--- DATA FOR ANALYSIS Enclosed Below ---

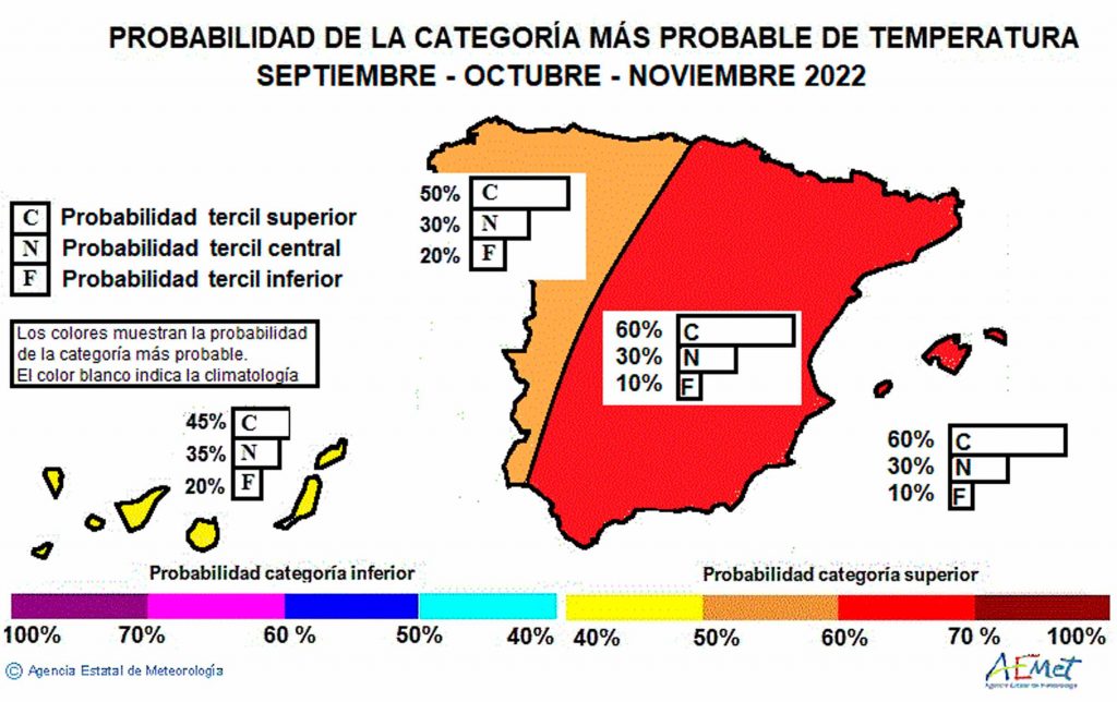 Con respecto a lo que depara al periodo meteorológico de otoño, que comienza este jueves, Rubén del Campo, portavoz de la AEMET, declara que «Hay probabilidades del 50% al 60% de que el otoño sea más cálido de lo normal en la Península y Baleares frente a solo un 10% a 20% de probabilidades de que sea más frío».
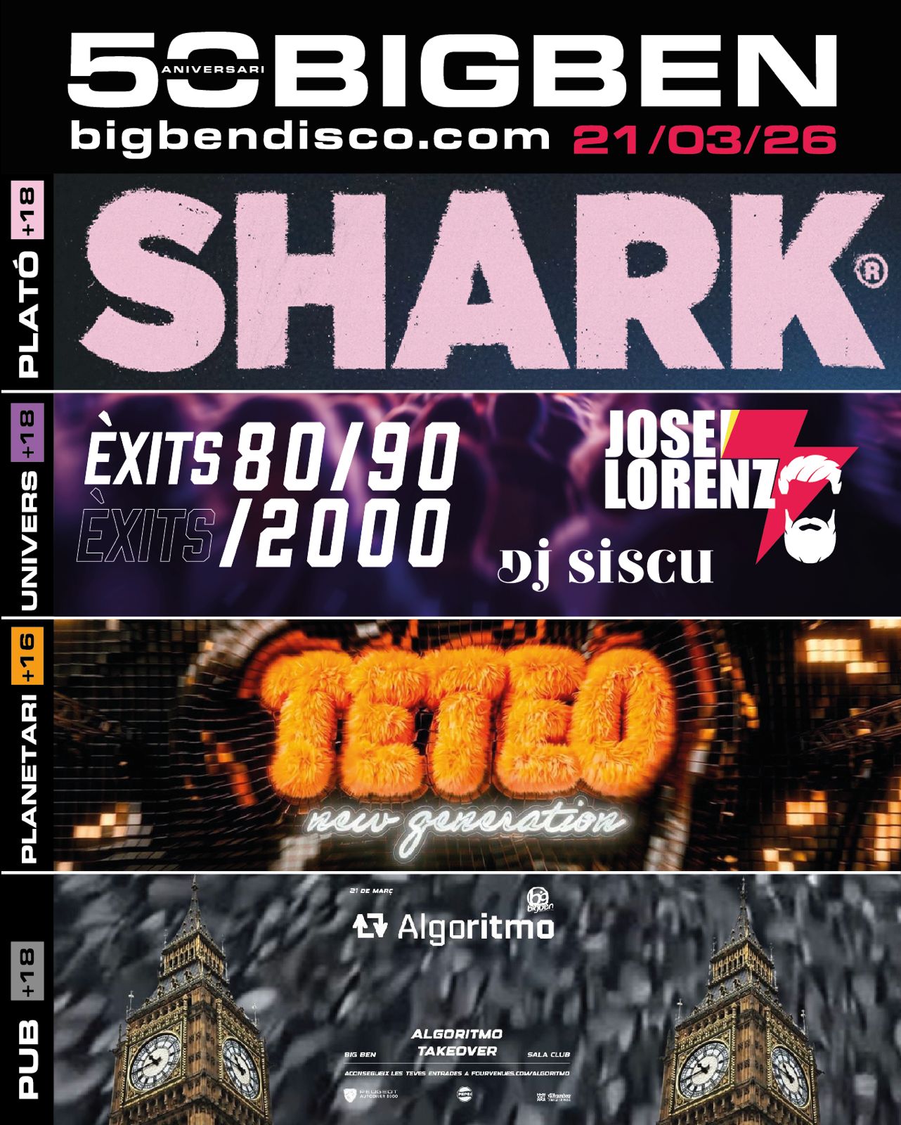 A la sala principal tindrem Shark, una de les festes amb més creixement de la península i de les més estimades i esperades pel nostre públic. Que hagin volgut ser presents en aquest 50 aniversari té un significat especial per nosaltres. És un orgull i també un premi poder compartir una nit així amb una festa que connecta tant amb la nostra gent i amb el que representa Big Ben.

--- End of Enclosed DATA FOR ANALYSIS ---
--- DATA FOR ANALYSIS Enclosed Below ---

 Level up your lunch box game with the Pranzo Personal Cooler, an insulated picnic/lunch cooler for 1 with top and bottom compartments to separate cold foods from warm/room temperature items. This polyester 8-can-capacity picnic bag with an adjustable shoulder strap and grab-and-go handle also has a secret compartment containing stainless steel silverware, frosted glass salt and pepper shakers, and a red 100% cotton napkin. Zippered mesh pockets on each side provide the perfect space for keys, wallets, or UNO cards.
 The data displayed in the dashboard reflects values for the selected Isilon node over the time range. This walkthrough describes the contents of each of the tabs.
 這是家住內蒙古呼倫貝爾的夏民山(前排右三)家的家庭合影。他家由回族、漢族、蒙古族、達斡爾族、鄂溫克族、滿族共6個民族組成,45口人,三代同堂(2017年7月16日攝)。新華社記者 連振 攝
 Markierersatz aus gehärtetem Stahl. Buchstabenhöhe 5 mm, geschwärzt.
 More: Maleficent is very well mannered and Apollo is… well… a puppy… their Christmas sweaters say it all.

--- End of Enclosed DATA FOR ANALYSIS ---

- **TASK REQUIREMENTS**
The listing above holds a line with "Markierersatz aus gehärtetem" and a line with "More: Maleficent is". Print the stretch from the first through the second, exactly and alone.

- **TASK RESPONSE**
 Markierersatz aus gehärtetem Stahl. Buchstabenhöhe 5 mm, geschwärzt.
 More: Maleficent is very well mannered and Apollo is… well… a puppy… their Christmas sweaters say it all.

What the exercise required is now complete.